**MATERIAL PROVIDED:**

Segment Open

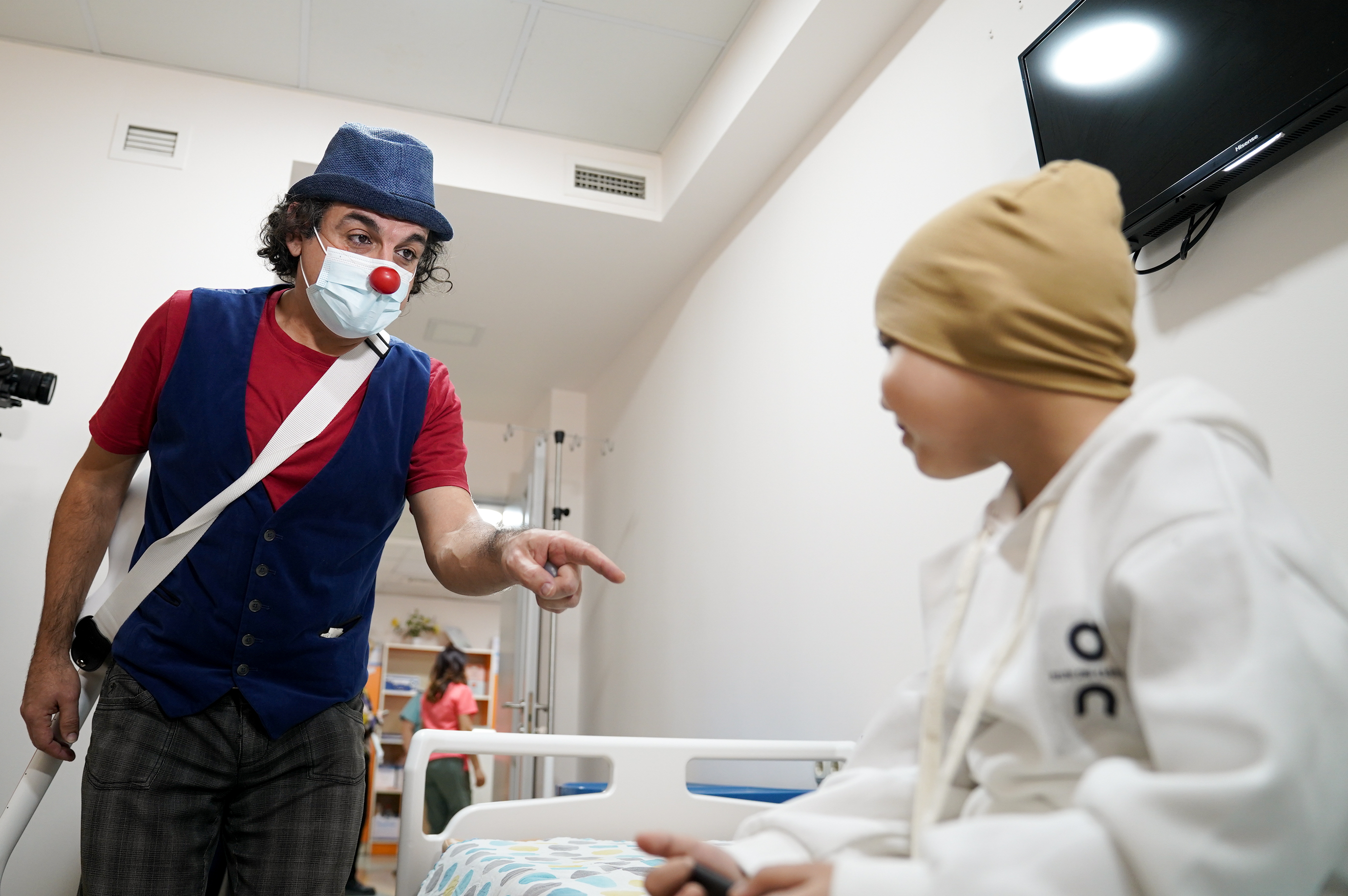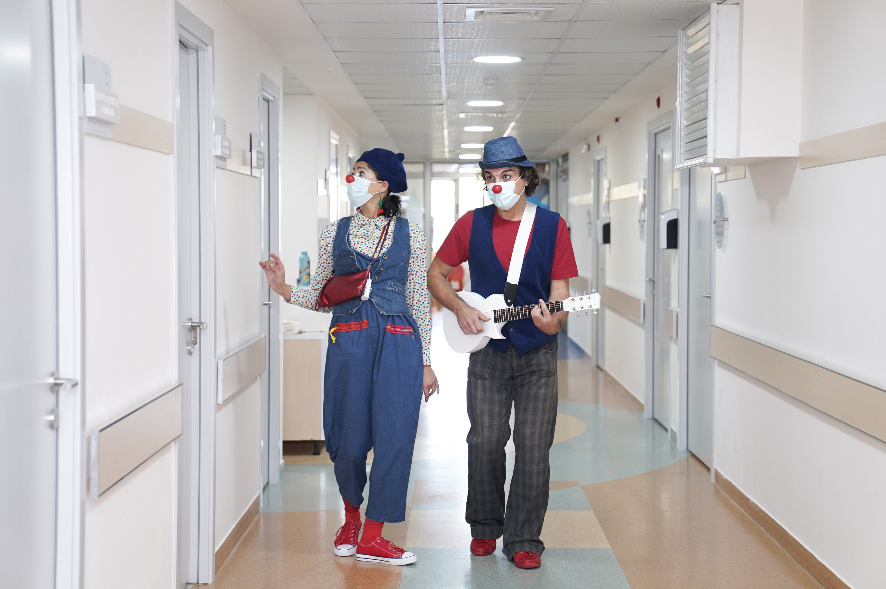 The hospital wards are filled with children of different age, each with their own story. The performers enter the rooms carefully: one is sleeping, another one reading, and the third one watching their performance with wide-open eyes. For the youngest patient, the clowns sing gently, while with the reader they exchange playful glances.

Segment Closed
Segment Open

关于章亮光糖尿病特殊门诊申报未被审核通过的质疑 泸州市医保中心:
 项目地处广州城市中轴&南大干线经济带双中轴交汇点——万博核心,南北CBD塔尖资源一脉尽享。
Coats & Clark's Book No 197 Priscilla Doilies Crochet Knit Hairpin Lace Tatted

Segment Closed

**TASK INSTRUCTIONS:** Could you restate, word for word, the lines above from the one with "项目地处广州城市中轴&南大干" to the one with "Coats & Clark's", both included?

**ANSWER TO THE EXERCISE:**
 项目地处广州城市中轴&南大干线经济带双中轴交汇点——万博核心,南北CBD塔尖资源一脉尽享。
Coats & Clark's Book No 197 Priscilla Doilies Crochet Knit Hairpin Lace Tatted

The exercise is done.